You will hear a lot about being able to push yourself when running in a group, but sometimes this can be detrimental. If you overexert, you could cause yourself an injury, become over-exhausted, and just overdo it.

This can happen when you try to keep pace out of your comfort zone, or just aren’t concentrating on what your body is telling you. When running alone, you are able to tune into what your body is saying, and make adjustments.

The same goes for your thoughts, is there something on your mind that you would like to think through? Sometimes, running solo is the perfect time to enjoy the headspace that is hard to come by with work and family life.

Gets You Race Ready

A half or full marathon is a solo activity that means you are going to want to train by running solo at least leading up to race day. Anyone competing should be familiar with how it feels to run such distances without a friend by their side.
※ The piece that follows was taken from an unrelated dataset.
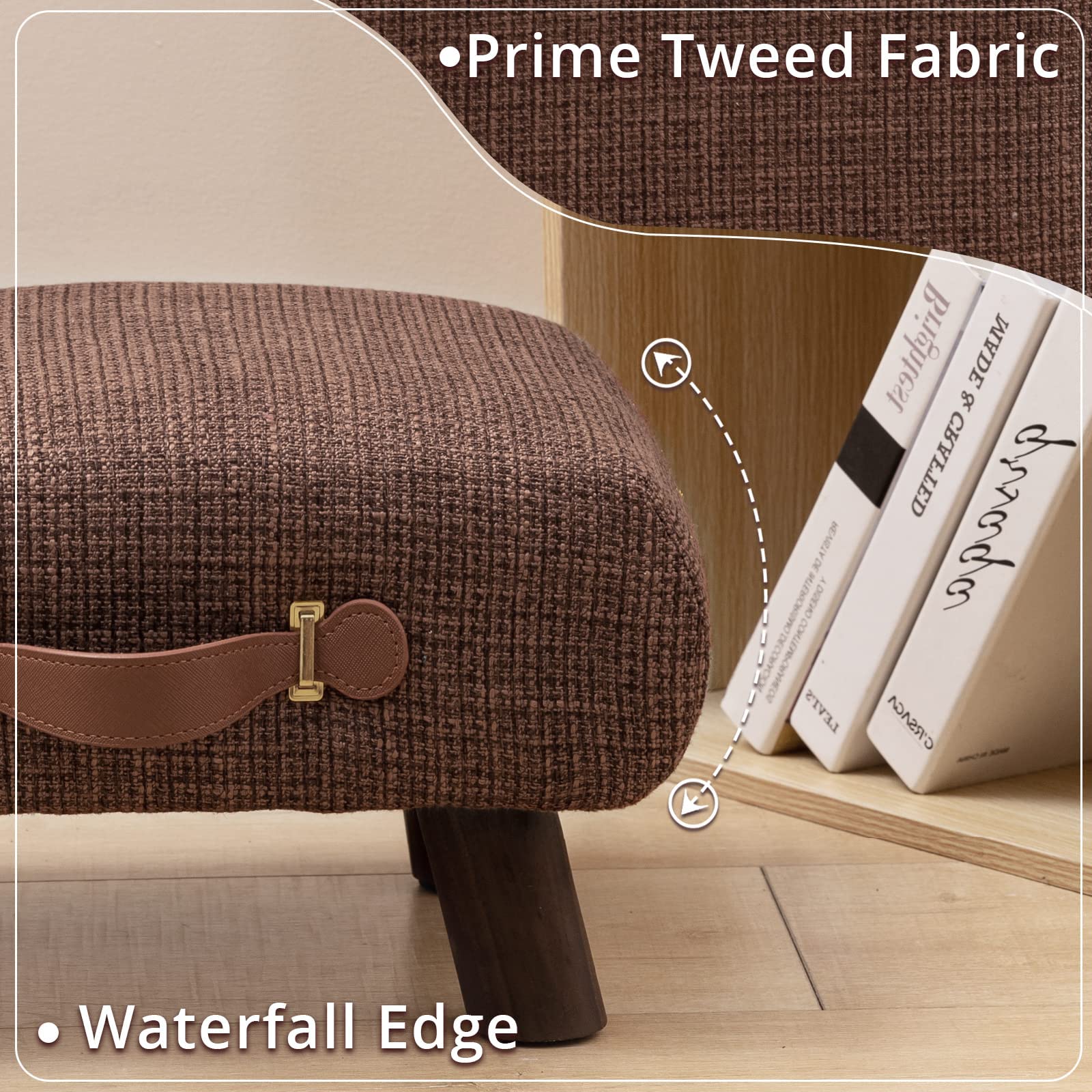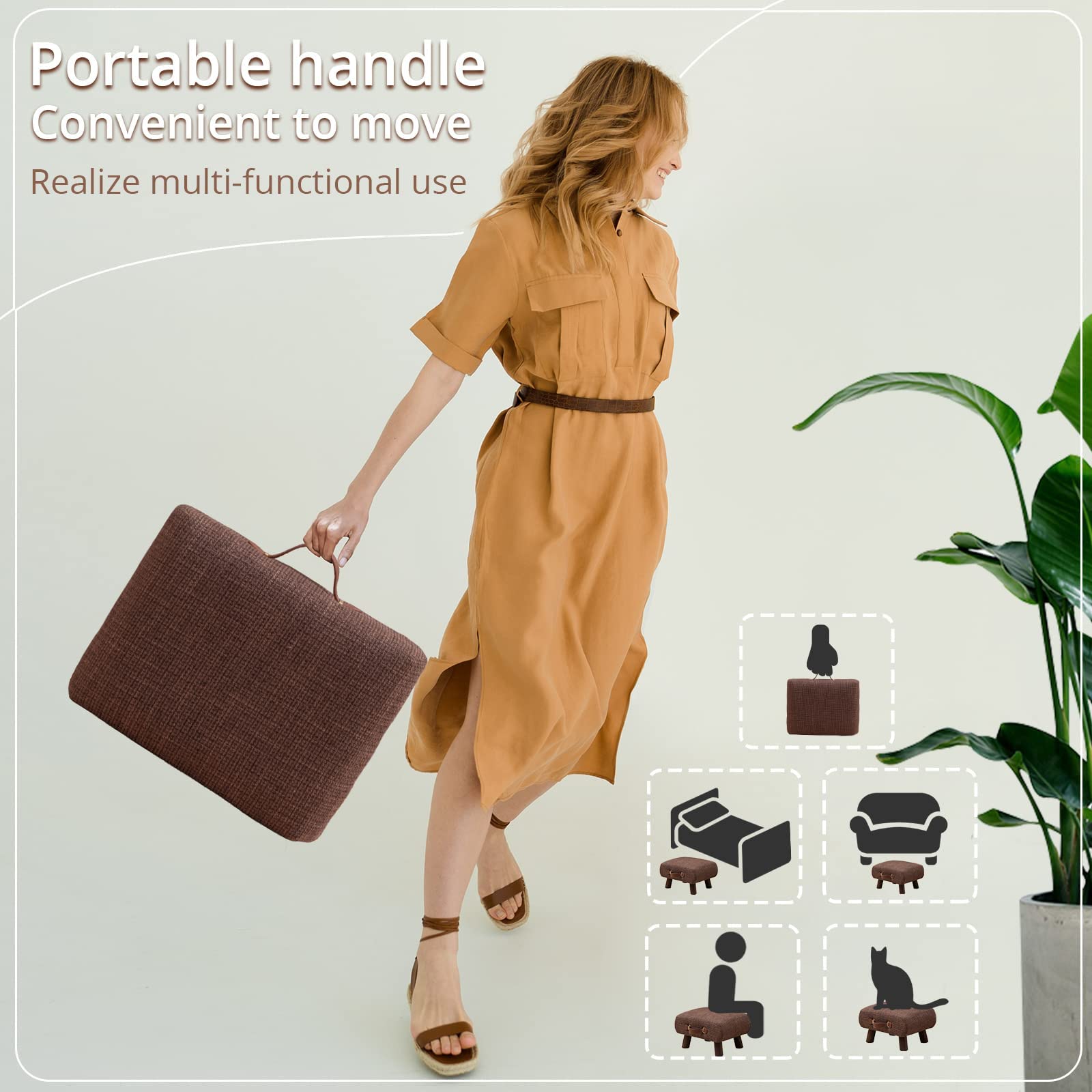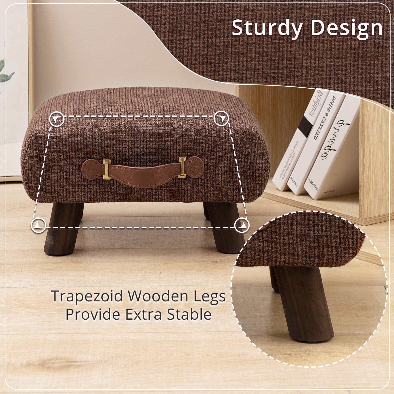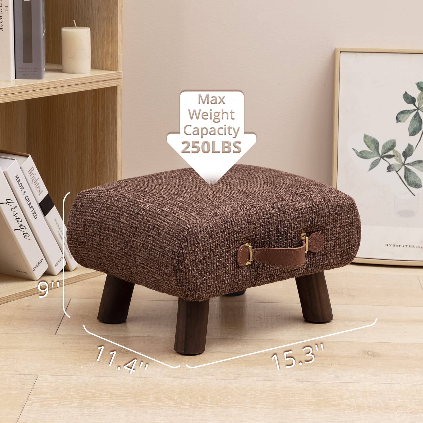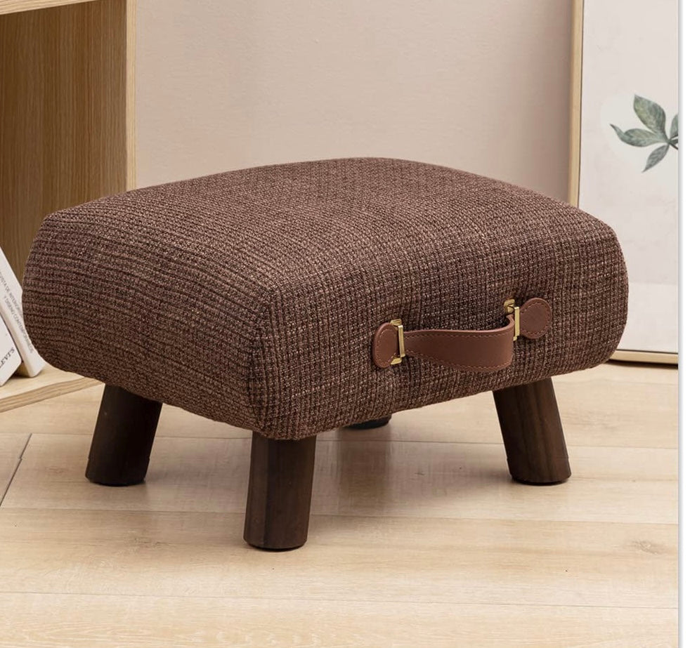 Foot Stool with Handle, Brown Footstool Elegant Small Foot Stool Rest with Wooden Legs, 9''H, Rectangle Fabric Foot Stools for Adults with Waterfall Edge, Ottoman for Living Room, Desk, Bedroom, Couch

When you feel like quitting, that voice in your head needs to know that it can get through that wall of self-doubt because you have run such distances on your own before. Relying on someone else to keep pace, or to ensure that they are adequately hydrated and have eaten the right foods pre-race is never a good idea.

It’s Just Easier

When running as part of a group, you are always reliant on everyone turning up on time. You might be ready to go, having stretched and hydrated in anticipation of the start, only to have to wait 15 minutes for the last member to arrive.

Having to find the starting point can be annoying if you are unfamiliar with it, also, is the pace going to be too much for some of the slower runners? Running as part of a group requires more patience, careful planning, and reliance on everyone being timely.

Even if these are not the sort of things to bother you usually, they can impact a straightforward run.

You Can Listen To All The Music You Like

Every running group is different and every runner is too. Sometimes you might be part of a group who likes to spend a lot of their running time concentrating with music in their ears, whilst other times they want to chat.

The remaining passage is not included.